What is your perspective on the future—both regarding your own research and the broader impacts of COVID-19?
Well, I think OHDSI, for example, is moving slowly on these estimation studies to get them right and to publish the protocols. Over time, we’ll collect better data and better understand this disease, both for COVID-19 and how to best respond to future pandemics separate from COVID-19. I think the usefulness of OHDSI to the US FDA and to the European EMA is becoming recognized. I think there’s probably going to be more collaboration with those two agencies going forward. The OHDSI format, OMOP, got adopted by NIH’s program to assemble a database of COVID-19 patients being run by NCATS, one of the institutes within NIH. It’s called the N3C project.
For our work, we’ve learned a lot about how to analyze patients with COVID-19 as opposed to outpatients who, say, have hypertension and started a drug and see how it goes over the course of a year.
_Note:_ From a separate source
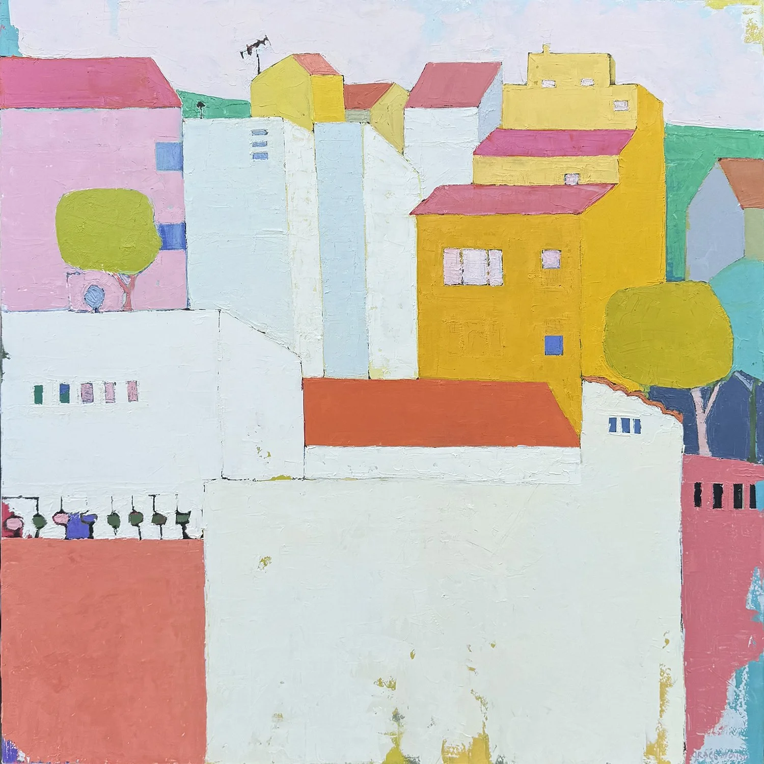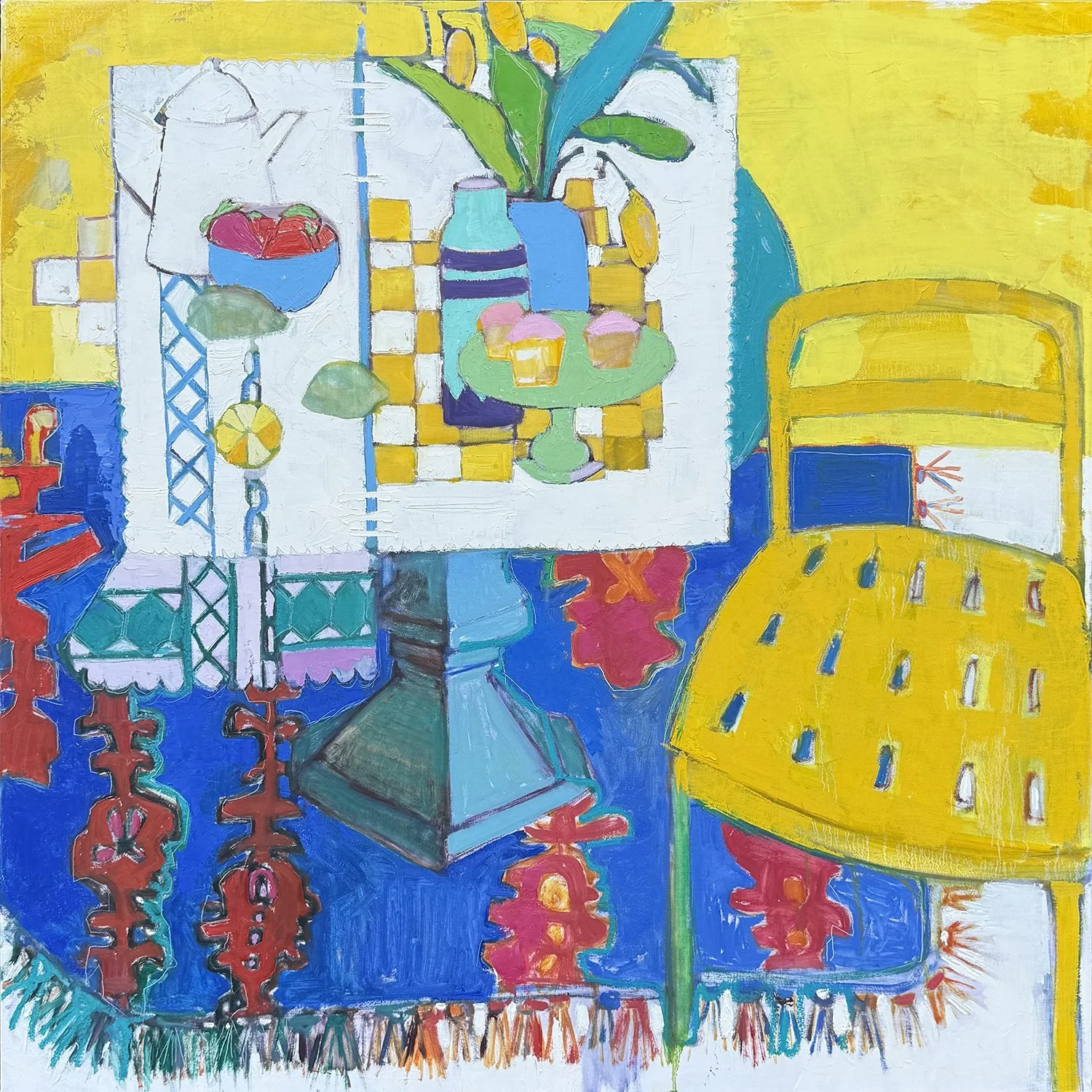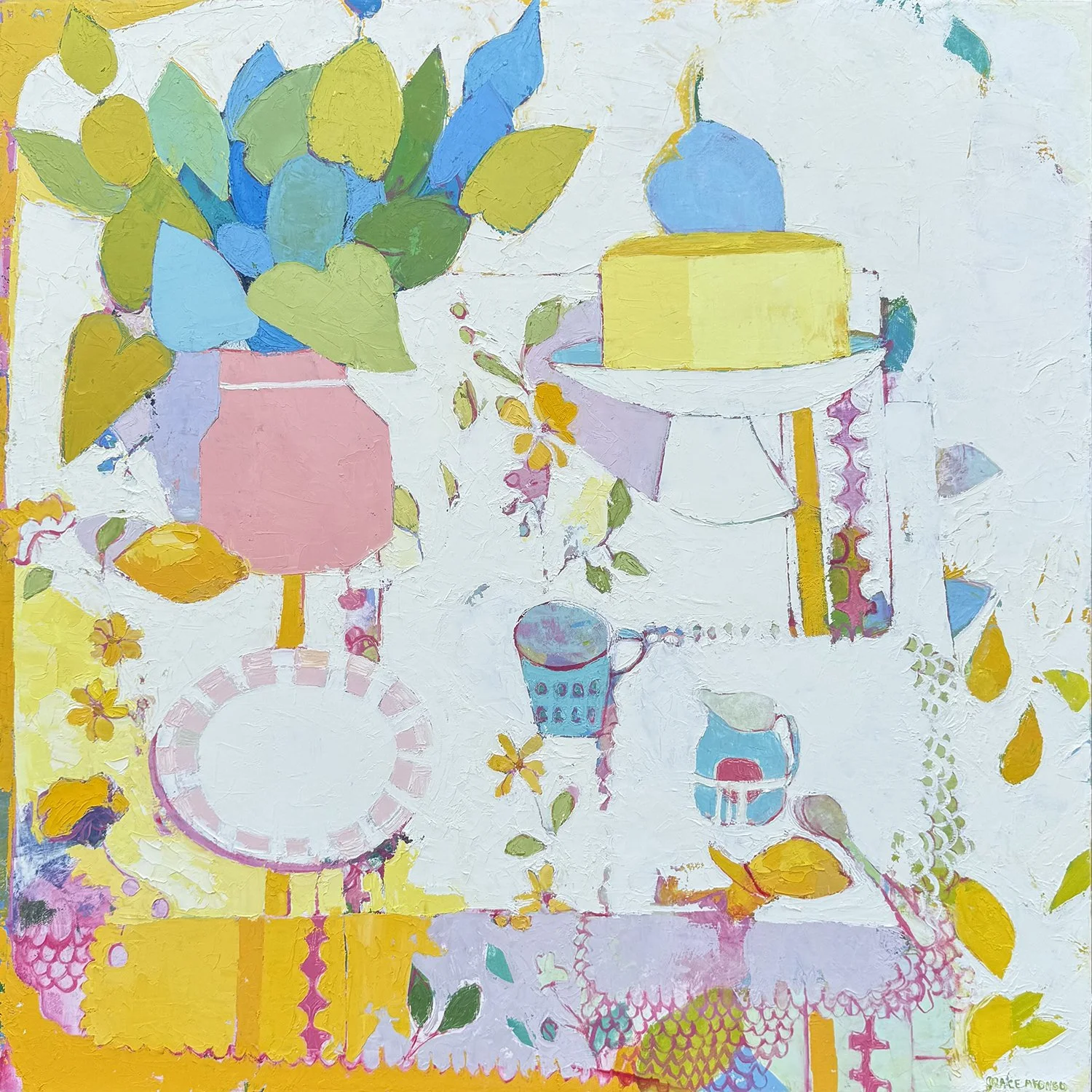 The subject matter of Graces’s work is the celebration of color shown in the exploration of the domestic scene and landscape. It is colours power to effect mood that works as the driving principle behind Grace’s translation of her life to the canvas. She is drawn to representing the home where people gather, and the indoor and outdoor spaces they live in.

Now we’re learning how to do the same kind of research, but on patients who come in, and in a day, this happens, and in two days, that happens, because things are happening much more acutely. We need more work on how to do well in this acute setting. And the importance of having these electronic data is just being further verified.
I love the name OHDSI, by the way. I thought it looked a little clunky, but the actual pronunciation sounds great.
Yes, and the tools in our projects are named for Greek mythology. There’s ACHILLES and ATLAS, and if you go through the OHDSI website, you’ll see more. SCYLLA and CHARYBDIS are the 2 COVID-19 projects.